> _MATERIAL FOR THIS EXERCISE_
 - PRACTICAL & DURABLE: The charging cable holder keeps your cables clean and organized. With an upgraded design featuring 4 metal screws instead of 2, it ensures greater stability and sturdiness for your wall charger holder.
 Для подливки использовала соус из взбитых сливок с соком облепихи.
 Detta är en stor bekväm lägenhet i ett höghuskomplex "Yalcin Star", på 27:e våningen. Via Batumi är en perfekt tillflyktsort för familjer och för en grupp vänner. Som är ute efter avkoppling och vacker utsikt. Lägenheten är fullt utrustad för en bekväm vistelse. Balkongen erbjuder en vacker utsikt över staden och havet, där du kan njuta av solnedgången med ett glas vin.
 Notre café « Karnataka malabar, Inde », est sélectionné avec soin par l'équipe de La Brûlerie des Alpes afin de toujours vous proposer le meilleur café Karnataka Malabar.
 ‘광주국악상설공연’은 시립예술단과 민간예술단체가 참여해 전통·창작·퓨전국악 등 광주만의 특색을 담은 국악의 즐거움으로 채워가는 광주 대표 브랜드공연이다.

---

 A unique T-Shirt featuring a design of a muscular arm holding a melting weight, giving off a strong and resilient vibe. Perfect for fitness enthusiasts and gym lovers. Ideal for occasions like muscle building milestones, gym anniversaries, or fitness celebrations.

---

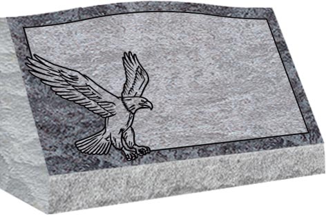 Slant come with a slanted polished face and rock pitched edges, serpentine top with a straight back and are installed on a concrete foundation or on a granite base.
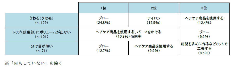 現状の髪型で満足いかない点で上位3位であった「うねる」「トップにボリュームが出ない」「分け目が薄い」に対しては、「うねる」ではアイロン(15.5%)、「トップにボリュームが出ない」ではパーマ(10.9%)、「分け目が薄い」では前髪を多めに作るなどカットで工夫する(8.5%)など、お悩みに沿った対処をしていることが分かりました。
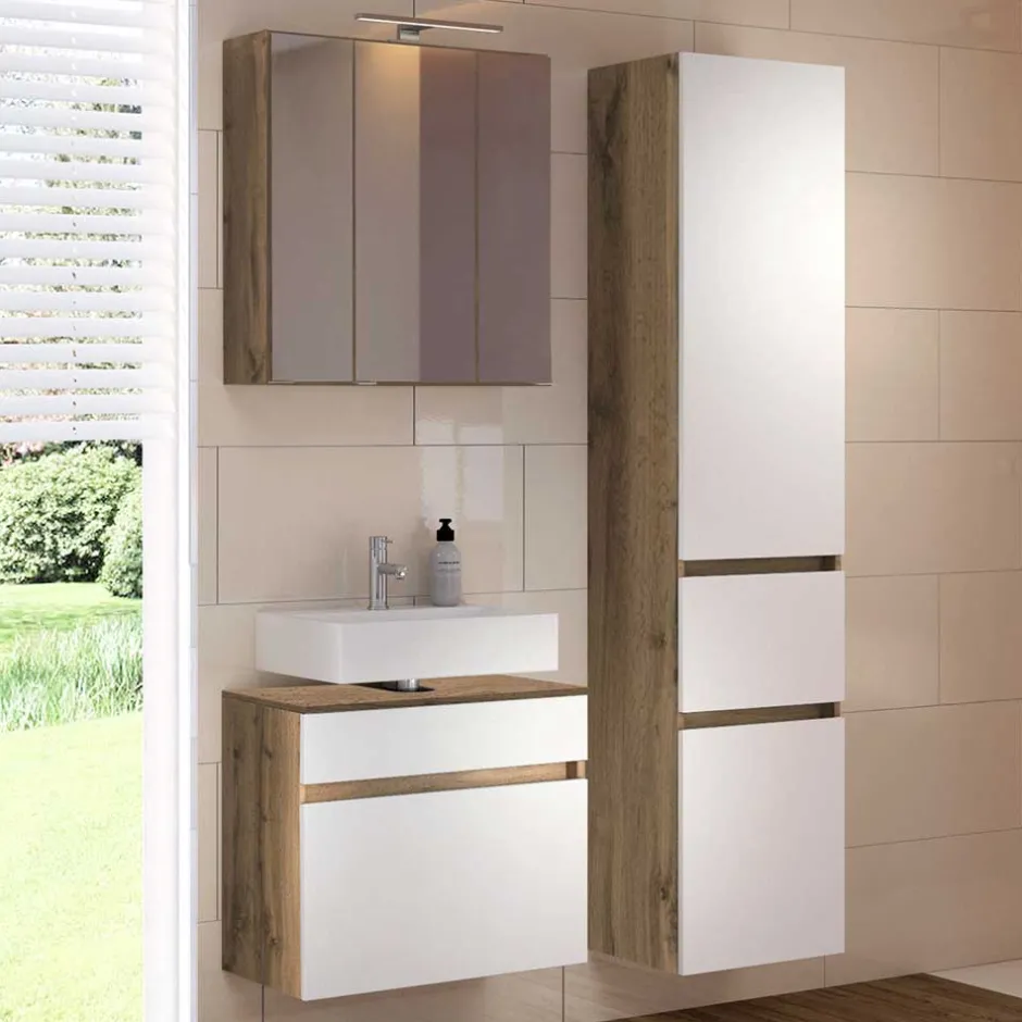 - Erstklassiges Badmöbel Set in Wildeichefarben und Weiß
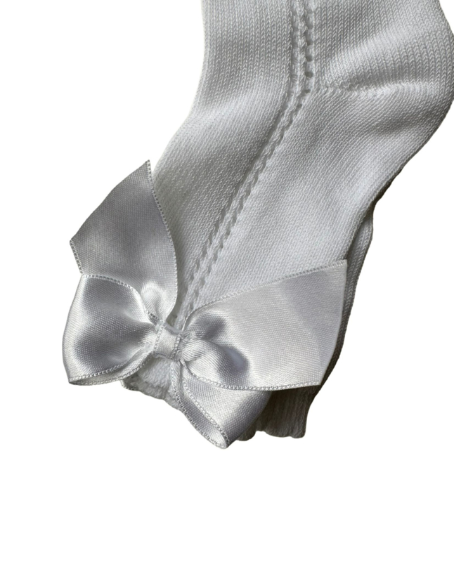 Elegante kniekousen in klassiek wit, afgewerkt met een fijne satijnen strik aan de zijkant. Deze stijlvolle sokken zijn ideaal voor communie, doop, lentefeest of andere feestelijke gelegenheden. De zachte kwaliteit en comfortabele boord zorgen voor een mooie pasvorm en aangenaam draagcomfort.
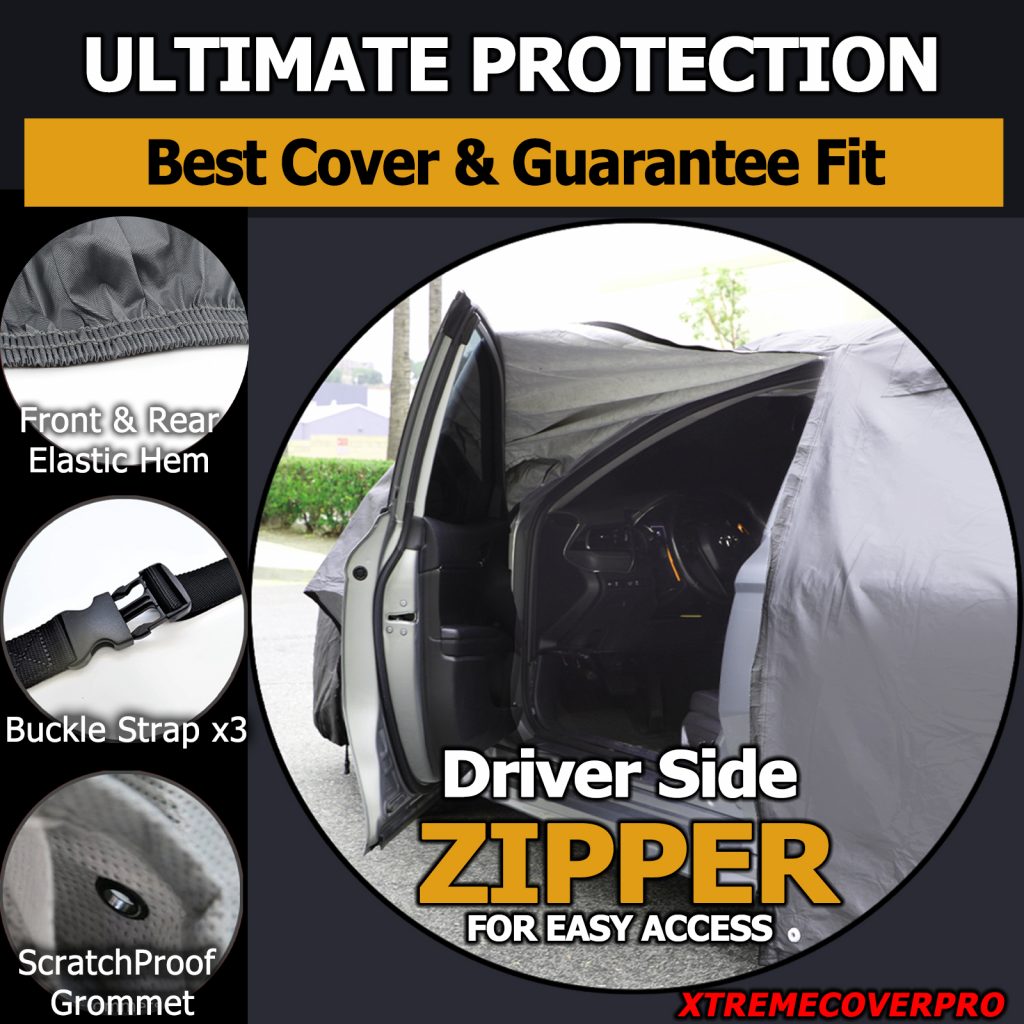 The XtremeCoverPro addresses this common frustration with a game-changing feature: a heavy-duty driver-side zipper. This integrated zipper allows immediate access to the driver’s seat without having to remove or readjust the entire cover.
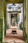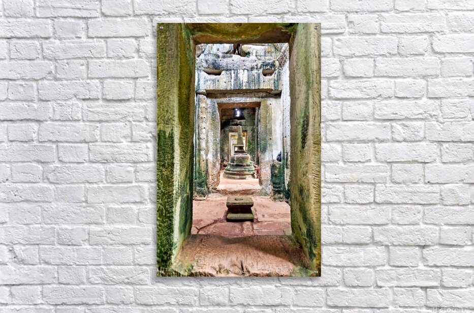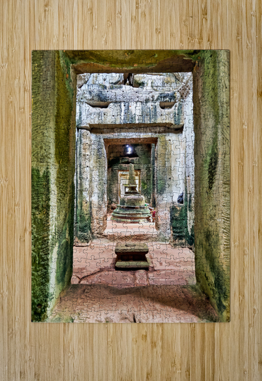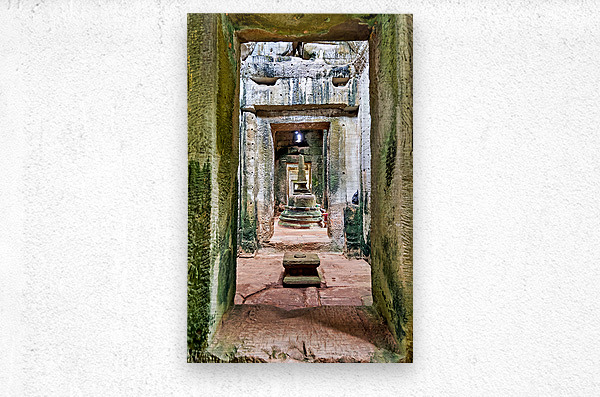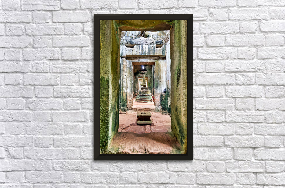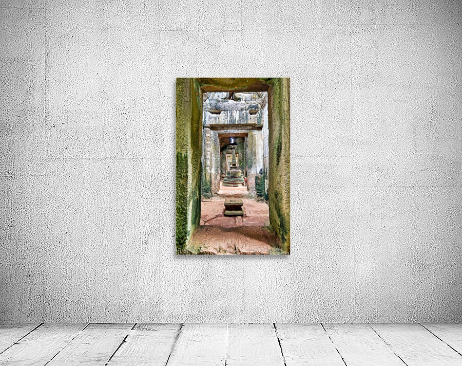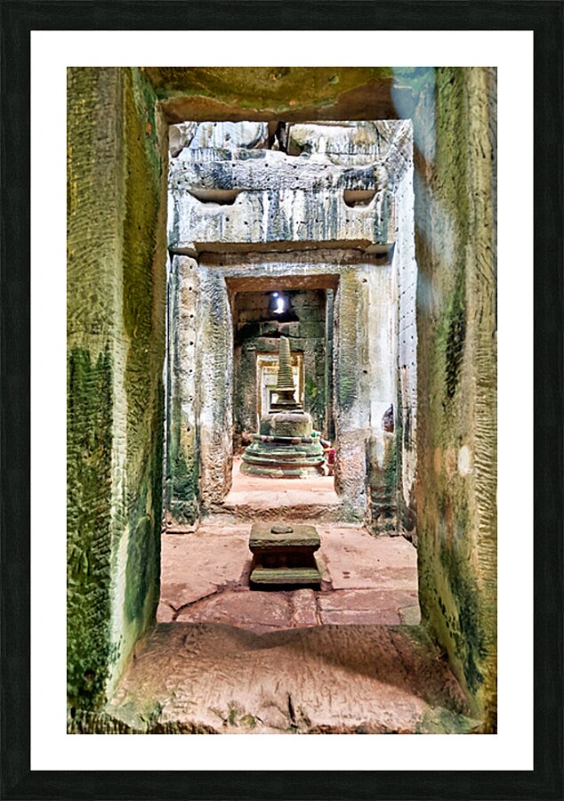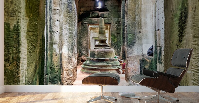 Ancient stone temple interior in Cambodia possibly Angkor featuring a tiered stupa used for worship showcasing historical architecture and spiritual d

> _WHAT IS NEEDED_
Only the lines above starting at the line that holds "- PRACTICAL &" and ending at the line that holds "Для подливки использовала" are to be repeated, exactly and in full.

> _RESPONSE AREA_
 - PRACTICAL & DURABLE: The charging cable holder keeps your cables clean and organized. With an upgraded design featuring 4 metal screws instead of 2, it ensures greater stability and sturdiness for your wall charger holder.
 Для подливки использовала соус из взбитых сливок с соком облепихи.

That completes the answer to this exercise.